The above rules are very simple to implement. Tie all  $CP2\_xx$  and  $CP2\_xx$  inputs to the M4K core low (0) if there is no coprocessor attached to the integer core.

#### 5.5.2 How to Use CP2\_idle

*CP2\_idle* is an input to the M4K core. When a coprocessor is attached to the core, it is important to use this input properly in order for the **WAIT** instruction to work effectively.

The **WAIT** instruction enables power saving features within the M4K core. When **WAIT** is executed, the M4K core will stall the front of the pipe, and wait for all older instruction and pending bus activity to complete. Once this is detected,

all but about one hundred flops have their clock gated off via one top-level clock gating circuit. The only way to reawaken the core is to signal an interrupt on SI\_Int[5:0], SI\_NMI or EJ\_DINT, or by resetting the core using SI\_Reset or SI\_ColdReset.

While the WAIT instruction ensures that no new instructions go down the pipe in the integer core, nothing is implicitly done to tell the coprocessor to prepare for a possible stopping of its clock. This is where the  $CP2\_idle$  signal is used. The coprocessor must assert this signal high whenever no instruction execution occurs within the coprocessor.  $CP2\_idle$  is part of the logic that determines when the top level clock gating element can turn off the clock. If this signal is deasserted then the clock will never be gated off in the M4K core, and the whole purpose of the **WAIT** instruction is lost. The  $CP2\_idle$  input is ignored when  $CP2\_present$  is low.

It is important to note that the *CP2\_idle* input *cannot* be used to reawaken the M4K core. After the **WAIT** instruction has actively stopped the main clock to most of the M4K core flops, a deassertion of *CP2\_idle* will restarts this clock but leaves the processor issuing NOPs down the pipe. The coprocessor cannot awaken the core by deasserting *CP2\_idle*. If some external source requires service from either the integer core or the coprocessor (via the integer core), then this external source must assert an interrupt directly to the M4K core.

## **5.5.3** Gating the Clock to the Coprocessor

For power reasons, the designer of the coprocessor is encouraged to use a top-level clock gater on the clock tree distributed within the coprocessor. The M4K core has an output, *SI\_Sleep*, which indicates when the internal clock in the integer core is stopped.

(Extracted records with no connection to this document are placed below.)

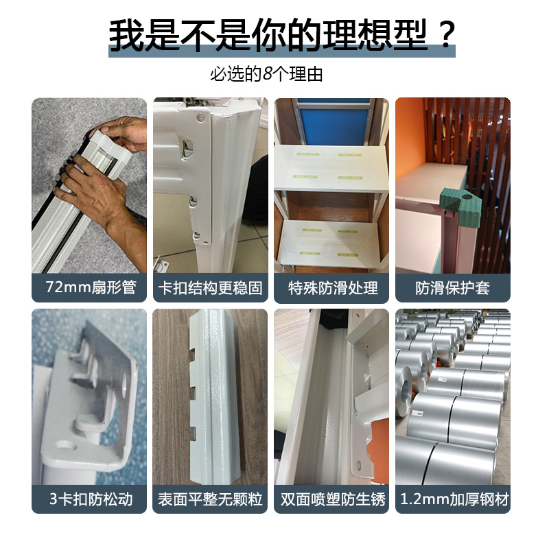 選用冷軋鋼板優(yōu)質(zhì)原材料,其里面為中空異形材,10年壽命保證。 厚度達到1.2mm,打造良心工藝。
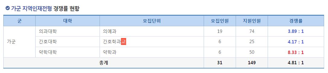 가군 지역인재전형으로는 의예과, 간호학과, 약학과를 모집했으며, 의예과의 경쟁률은 3.89:1, 간호학과는 4.17:1, 약학과는 8.33:1 이었습니다.
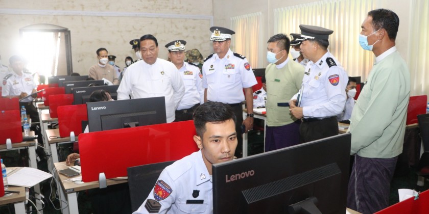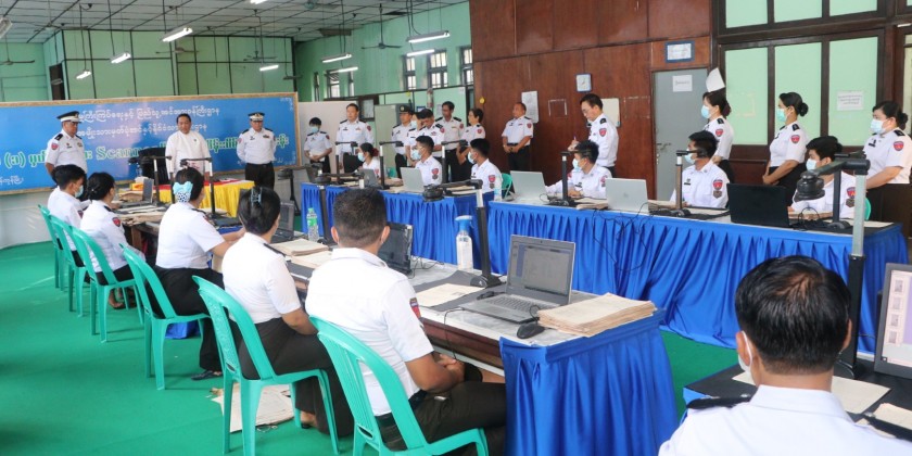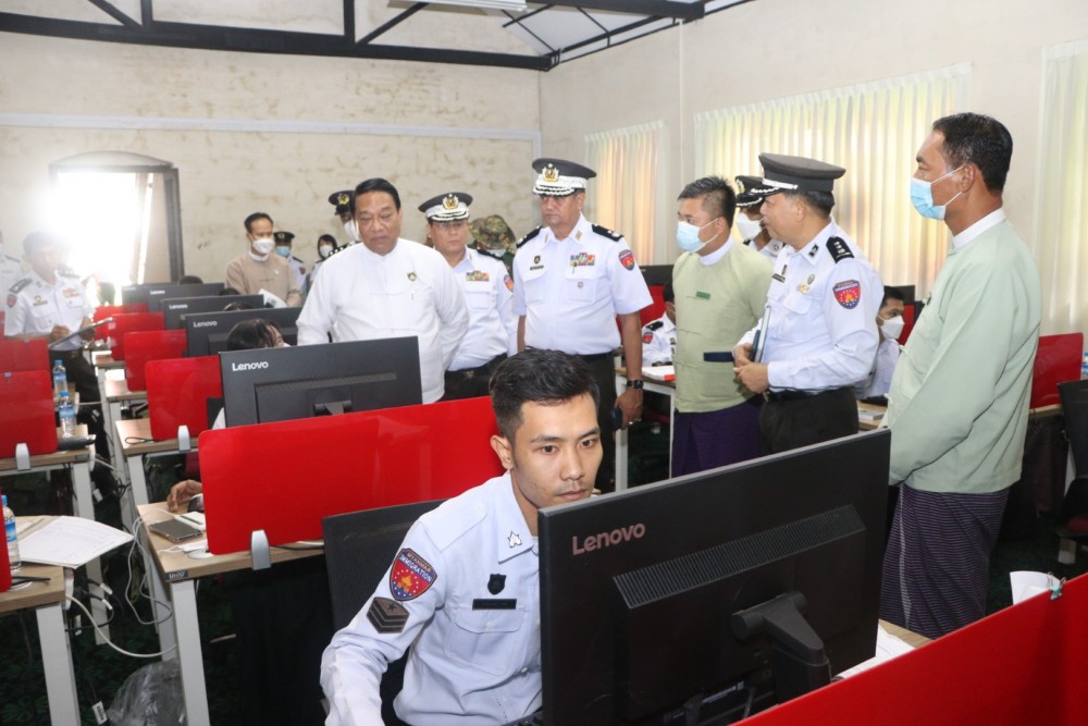 The Union Minister for Immigration and Population U Khin Yi together with the officials concerned visited the department of national registration and citizenship situated in Kyaukdata Township, Yangon Region and the director-general U Htein Win clarified the keeping the individual citizen’s personal record form-1 and maintenance of citizen record form-1 of regions and states with digital system by scanning them and the union minister coordinated necessaries.
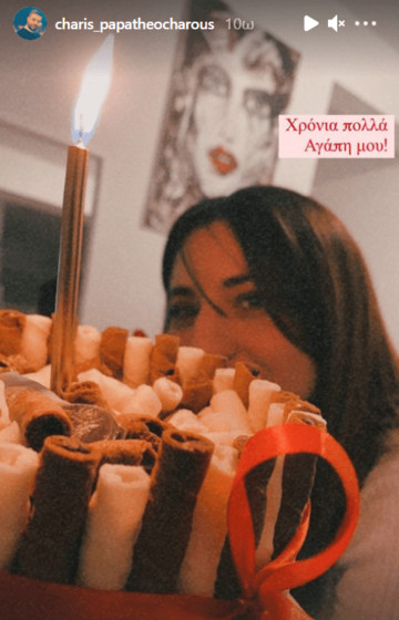 Στο στιγμιότυπο που μοιράστηκε ο Χάρης, βλέπουμε την τούρτα και πίσω την Θεογνωσία με χαμόγελο στα χείλη της. Επίσης, νεαρός δημοσιογράφος έγραψε στη φωτογραφία “Χρόνια Πολλά αγάπη μου”.
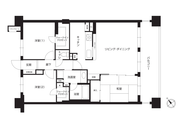 洋室(1)と洋室(2)から独立させてまとめたウォークインクロゼットは、廊下から直接出入りできる設計にしました。家族全員が使いやすいように動線を考慮し、以前よりもスペースを広げたことで、衣類や季節用品、掃除用具などを収納できる空間となりました。

Figure 5-8 shows an example of how to implement and control a top-level clock gater in the coprocessor.



Figure 5-8 Use of SI\_Sleep for Clock-Gating in the Coprocessor

## 5.5.4 Using strobe signals as gating inputs on the sub-interfaces

Each of the sub-interfaces of the Coprocessor Interface has a strobe signal associated with it.

Figure 5-9 on page 71 shows how this strobe signal can be used as the enable input to a clock gater driving the clock to the corresponding data portion of the interface. The "To Data" interface is shown as an example. Instruction nullification and instruction killing can use the same scheme, but the low number of bits in the data portion of these two sub-interfaces might not make it worth the effort.

The instruction dispatch interface is different as its strobe signals arrive one cycle after the instruction word.



Figure 5-9 Clock-Gating of To Data Registers in Coprocessor

Figure 5-10 shows the intended use of *CP2\_irenable\_0*. *CP2\_irenable\_0* is used only as a gated-clock enabling signal when the clock-gating on the capture of the instruction word is introduced. For all other purposes, the *CP2\_as\_0*, *CP2\_ts\_0* and *CP2\_fs\_0* are the true qualifiers for a valid instruction.



Figure 5-10 Clock Gating of Instruction Registers in Coprocessor

The Pre-decoding block in Figure 5-10 represents combination logic before the receiving flops for the instruction register. This block is most likely needed before the Instruction register if stall-free operation on coprocessor instructions in the M4K core is to be maintained. Refer to Table 5-4 on page 61, for information on allowable latencies to maintain stall-free operation.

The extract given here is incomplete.